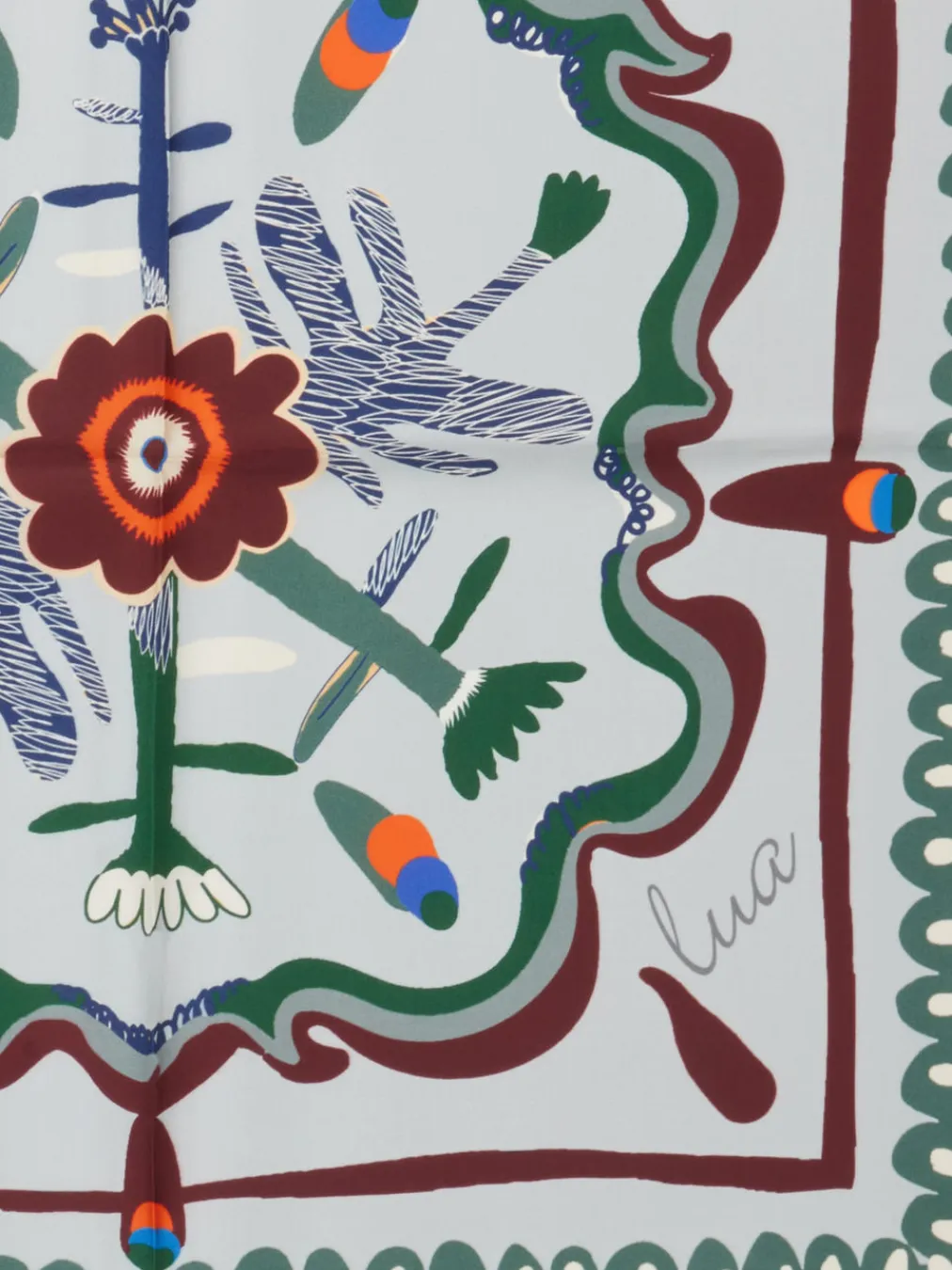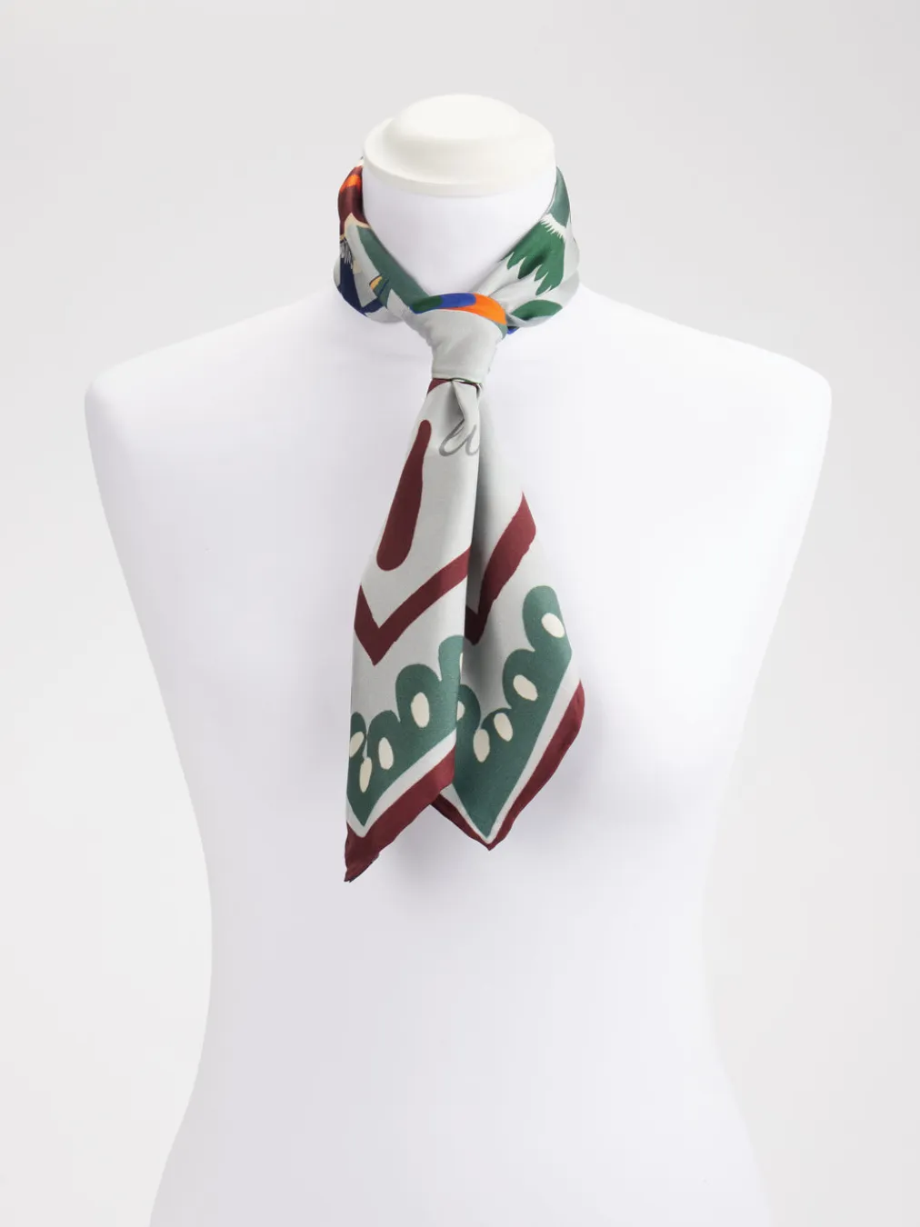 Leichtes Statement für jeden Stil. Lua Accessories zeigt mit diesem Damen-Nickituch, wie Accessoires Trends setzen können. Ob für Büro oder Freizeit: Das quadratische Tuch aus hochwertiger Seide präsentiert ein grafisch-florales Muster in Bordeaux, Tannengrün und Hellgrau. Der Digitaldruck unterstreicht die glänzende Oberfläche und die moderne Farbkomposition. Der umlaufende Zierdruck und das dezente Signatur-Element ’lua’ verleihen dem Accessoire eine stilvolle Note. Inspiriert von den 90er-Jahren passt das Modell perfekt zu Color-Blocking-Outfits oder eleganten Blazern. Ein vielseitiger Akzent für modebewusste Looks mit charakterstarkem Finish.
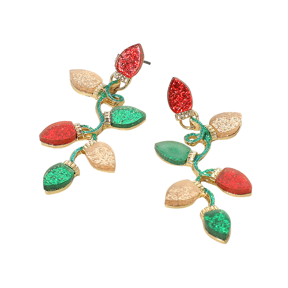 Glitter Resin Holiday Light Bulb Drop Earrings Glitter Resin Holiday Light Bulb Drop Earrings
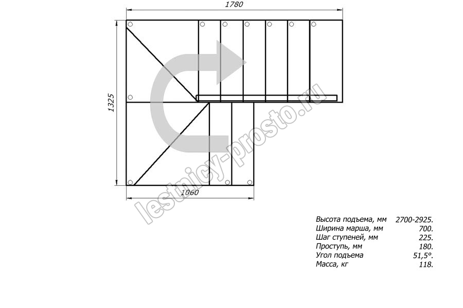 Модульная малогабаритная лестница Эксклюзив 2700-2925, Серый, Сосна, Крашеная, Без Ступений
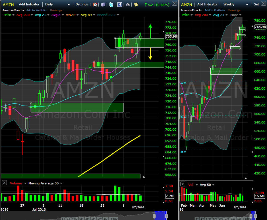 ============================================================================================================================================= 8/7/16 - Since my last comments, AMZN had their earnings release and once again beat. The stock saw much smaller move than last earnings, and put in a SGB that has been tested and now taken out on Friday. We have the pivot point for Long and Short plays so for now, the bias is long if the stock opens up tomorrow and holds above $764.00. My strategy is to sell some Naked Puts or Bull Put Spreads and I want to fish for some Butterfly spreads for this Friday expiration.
*****
Activity
Write out each line of the data exactly; the images should be left out.

Solution
 Leichtes Statement für jeden Stil. Lua Accessories zeigt mit diesem Damen-Nickituch, wie Accessoires Trends setzen können. Ob für Büro oder Freizeit: Das quadratische Tuch aus hochwertiger Seide präsentiert ein grafisch-florales Muster in Bordeaux, Tannengrün und Hellgrau. Der Digitaldruck unterstreicht die glänzende Oberfläche und die moderne Farbkomposition. Der umlaufende Zierdruck und das dezente Signatur-Element ’lua’ verleihen dem Accessoire eine stilvolle Note. Inspiriert von den 90er-Jahren passt das Modell perfekt zu Color-Blocking-Outfits oder eleganten Blazern. Ein vielseitiger Akzent für modebewusste Looks mit charakterstarkem Finish.
 Glitter Resin Holiday Light Bulb Drop Earrings Glitter Resin Holiday Light Bulb Drop Earrings
 Модульная малогабаритная лестница Эксклюзив 2700-2925, Серый, Сосна, Крашеная, Без Ступений
 ============================================================================================================================================= 8/7/16 - Since my last comments, AMZN had their earnings release and once again beat. The stock saw much smaller move than last earnings, and put in a SGB that has been tested and now taken out on Friday. We have the pivot point for Long and Short plays so for now, the bias is long if the stock opens up tomorrow and holds above $764.00. My strategy is to sell some Naked Puts or Bull Put Spreads and I want to fish for some Butterfly spreads for this Friday expiration.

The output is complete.